Source records:
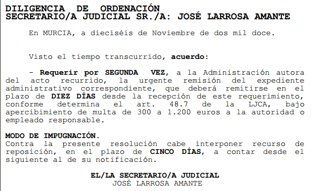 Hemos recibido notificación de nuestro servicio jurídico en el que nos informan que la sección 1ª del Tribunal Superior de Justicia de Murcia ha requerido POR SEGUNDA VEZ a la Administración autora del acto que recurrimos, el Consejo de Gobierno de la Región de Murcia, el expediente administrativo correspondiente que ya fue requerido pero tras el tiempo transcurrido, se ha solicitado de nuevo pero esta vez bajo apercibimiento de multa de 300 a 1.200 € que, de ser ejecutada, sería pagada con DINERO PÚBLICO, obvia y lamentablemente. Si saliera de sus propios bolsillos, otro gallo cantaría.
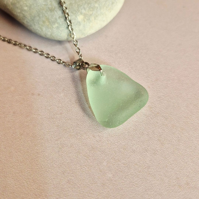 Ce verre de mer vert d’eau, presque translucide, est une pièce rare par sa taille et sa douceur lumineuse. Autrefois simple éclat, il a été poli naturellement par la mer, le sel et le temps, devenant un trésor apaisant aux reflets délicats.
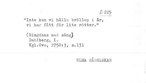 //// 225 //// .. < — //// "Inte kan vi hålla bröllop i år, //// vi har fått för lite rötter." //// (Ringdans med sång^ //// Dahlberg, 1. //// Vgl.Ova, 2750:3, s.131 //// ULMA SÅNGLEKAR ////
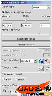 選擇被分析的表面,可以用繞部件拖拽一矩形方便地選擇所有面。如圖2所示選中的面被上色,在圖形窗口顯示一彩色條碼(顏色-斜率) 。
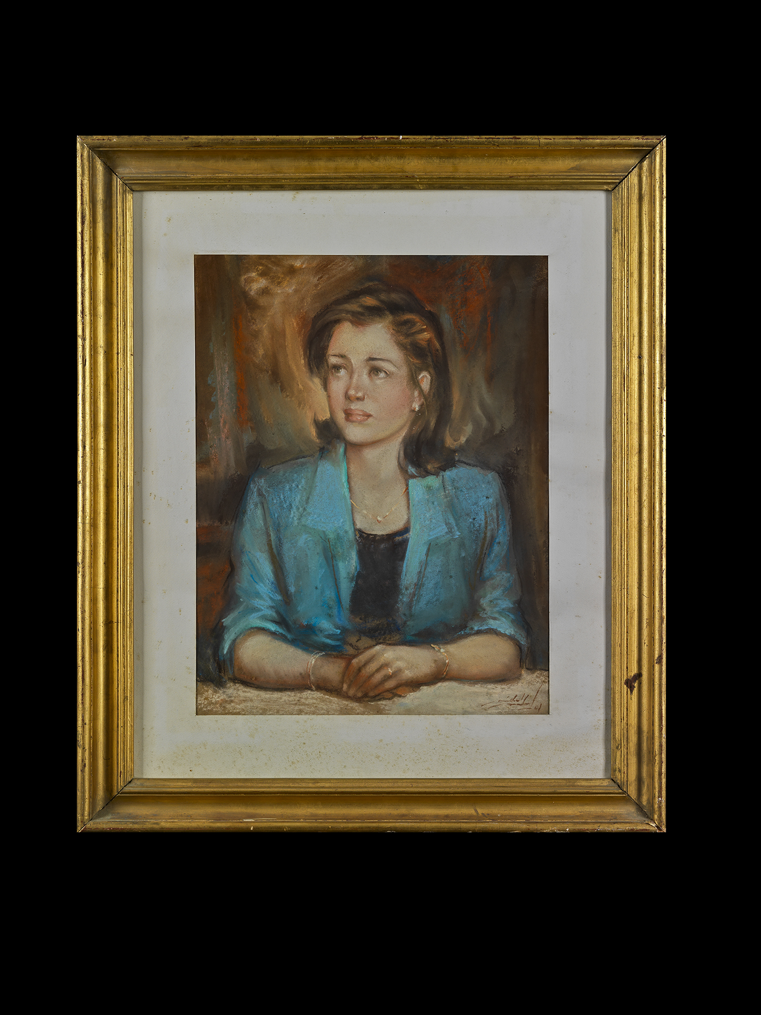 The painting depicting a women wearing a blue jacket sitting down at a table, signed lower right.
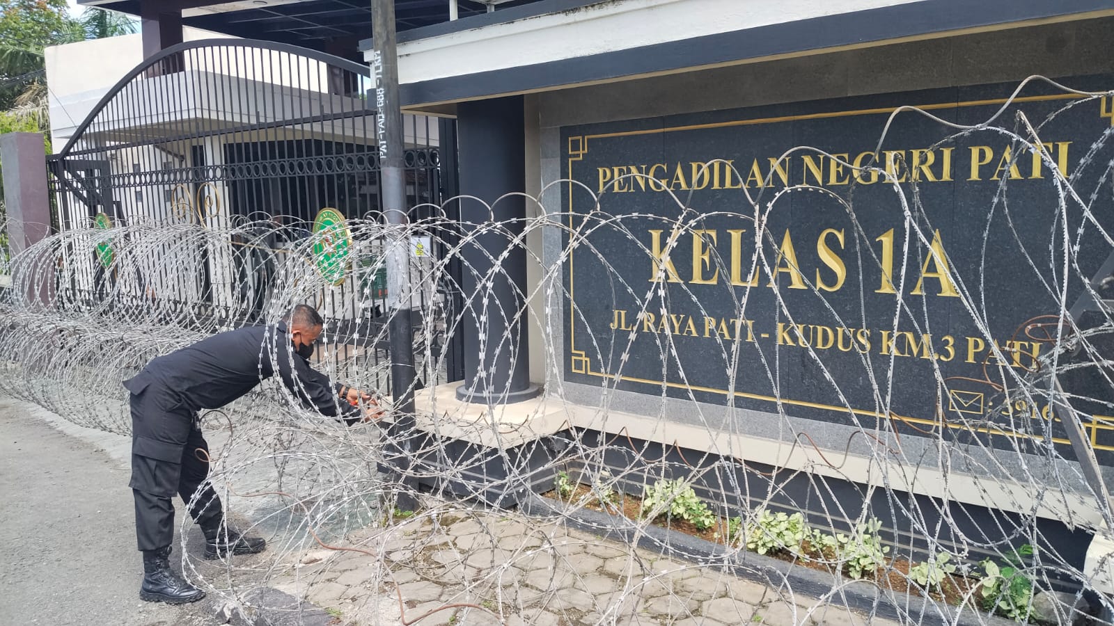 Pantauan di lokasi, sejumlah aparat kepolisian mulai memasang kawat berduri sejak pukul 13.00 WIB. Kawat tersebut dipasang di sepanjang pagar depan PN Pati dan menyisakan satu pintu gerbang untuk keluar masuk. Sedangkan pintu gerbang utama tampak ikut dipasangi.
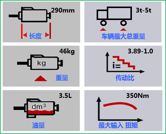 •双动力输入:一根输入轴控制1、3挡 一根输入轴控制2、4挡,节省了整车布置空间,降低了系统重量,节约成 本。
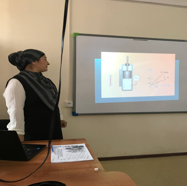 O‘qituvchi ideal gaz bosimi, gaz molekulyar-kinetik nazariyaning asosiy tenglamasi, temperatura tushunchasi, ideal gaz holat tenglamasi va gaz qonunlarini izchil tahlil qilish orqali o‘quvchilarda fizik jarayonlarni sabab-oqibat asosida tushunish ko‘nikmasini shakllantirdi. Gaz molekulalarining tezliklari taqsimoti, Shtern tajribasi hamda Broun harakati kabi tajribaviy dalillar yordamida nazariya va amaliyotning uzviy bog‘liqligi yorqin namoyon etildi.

What to work on: Each entry should be repeated exactly as it appears; the pictures stay out.

Answer for the task:
 Hemos recibido notificación de nuestro servicio jurídico en el que nos informan que la sección 1ª del Tribunal Superior de Justicia de Murcia ha requerido POR SEGUNDA VEZ a la Administración autora del acto que recurrimos, el Consejo de Gobierno de la Región de Murcia, el expediente administrativo correspondiente que ya fue requerido pero tras el tiempo transcurrido, se ha solicitado de nuevo pero esta vez bajo apercibimiento de multa de 300 a 1.200 € que, de ser ejecutada, sería pagada con DINERO PÚBLICO, obvia y lamentablemente. Si saliera de sus propios bolsillos, otro gallo cantaría.
 Ce verre de mer vert d’eau, presque translucide, est une pièce rare par sa taille et sa douceur lumineuse. Autrefois simple éclat, il a été poli naturellement par la mer, le sel et le temps, devenant un trésor apaisant aux reflets délicats.
 //// 225 //// .. < — //// "Inte kan vi hålla bröllop i år, //// vi har fått för lite rötter." //// (Ringdans med sång^ //// Dahlberg, 1. //// Vgl.Ova, 2750:3, s.131 //// ULMA SÅNGLEKAR ////
 選擇被分析的表面,可以用繞部件拖拽一矩形方便地選擇所有面。如圖2所示選中的面被上色,在圖形窗口顯示一彩色條碼(顏色-斜率) 。
 The painting depicting a women wearing a blue jacket sitting down at a table, signed lower right.
 Pantauan di lokasi, sejumlah aparat kepolisian mulai memasang kawat berduri sejak pukul 13.00 WIB. Kawat tersebut dipasang di sepanjang pagar depan PN Pati dan menyisakan satu pintu gerbang untuk keluar masuk. Sedangkan pintu gerbang utama tampak ikut dipasangi.
 •双动力输入:一根输入轴控制1、3挡 一根输入轴控制2、4挡,节省了整车布置空间,降低了系统重量,节约成 本。
 O‘qituvchi ideal gaz bosimi, gaz molekulyar-kinetik nazariyaning asosiy tenglamasi, temperatura tushunchasi, ideal gaz holat tenglamasi va gaz qonunlarini izchil tahlil qilish orqali o‘quvchilarda fizik jarayonlarni sabab-oqibat asosida tushunish ko‘nikmasini shakllantirdi. Gaz molekulalarining tezliklari taqsimoti, Shtern tajribasi hamda Broun harakati kabi tajribaviy dalillar yordamida nazariya va amaliyotning uzviy bog‘liqligi yorqin namoyon etildi.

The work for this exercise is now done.